On Holy Saturday, April 11, as Christians contemplate Jesus lying in the tomb, Archbishop Cesare Nosiglia will lead a liturgy of prayer and contemplation before the shroud at 5pm local time (3am New Zealand time, Sunday, April 12).

The prayer service will be live-streamed along with live images of the 14-foot-by-4-foot shroud, which has a full-length photonegative image of a man, front and back, bearing signs of wounds that correspond to the Gospel accounts of the torture Jesus endured in his passion and death.

As of April 5, the Archdiocese of Turin said it was finalising the plans and would publish a list of participating television stations and links to the livestream later in the week.

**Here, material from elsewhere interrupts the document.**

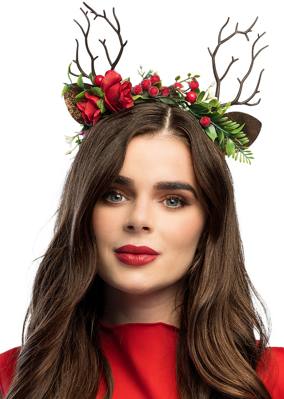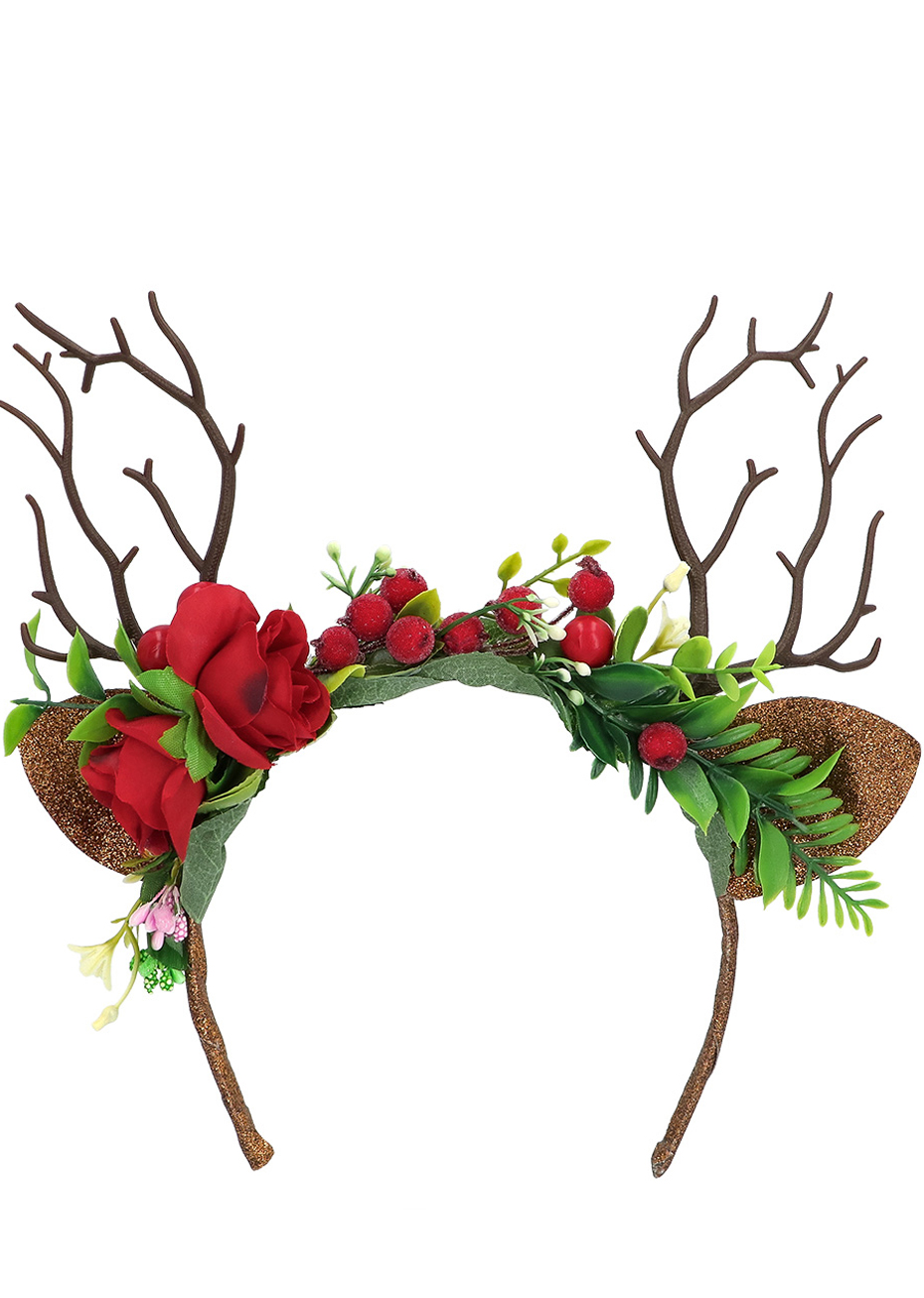 Ce serre-tête cornes de renne est orné de fines branches brunes, de roses rouges, de baies et de feuillages. Il apporte une touche nature et festive à une tenue hivernale ou féerique. Léger et confortable, il est parfait pour compléter une tenue au style forestier élégant et coloré, pour une soirée à thème, un réveillon ou une soirée déguisée.

Announcing the special display, Archbishop Nosiglia said on April 4 that he had received “thousands and thousands” of messages “asking me if, in this time of grave difficulty we are going through, it would be possible to pray this Holy Week before the shroud” and ask God for “the grace to defeat evil as he did, trusting in the goodness and mercy of God”.

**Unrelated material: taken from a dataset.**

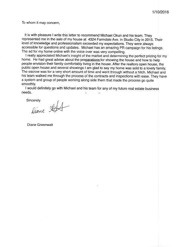 We highly recommend Michael Okun who was our real estate agent when we sold our house on Fair Avenue in Studio City last spring. From the very beginning Michael was enthusiasKc and always responsive to our wishes, and his guidance and wisdom resulted in a sale hundreds of thousand over the asking price. He knew exactly how to stage the house and what fixes and repairs were necessary and which were not. We always felt he gave us his full aPenKon and had our best interests at heart when advising us. His enKre team was great and the people he recommended to do the work on the house in preparaKon for selling were some of the best we’d ever worked with.

The archbishop told Vatican News that the online viewing of the shroud could be “much better” than seeing it in person because the cameras will allow viewers to see it up close and to remain at length with the image.

The image of the crucified man on the shroud, he said, “will go to the heart and the sadness of many people who will follow us. It will be like staying with the Lord on the day we await his Resurrection”.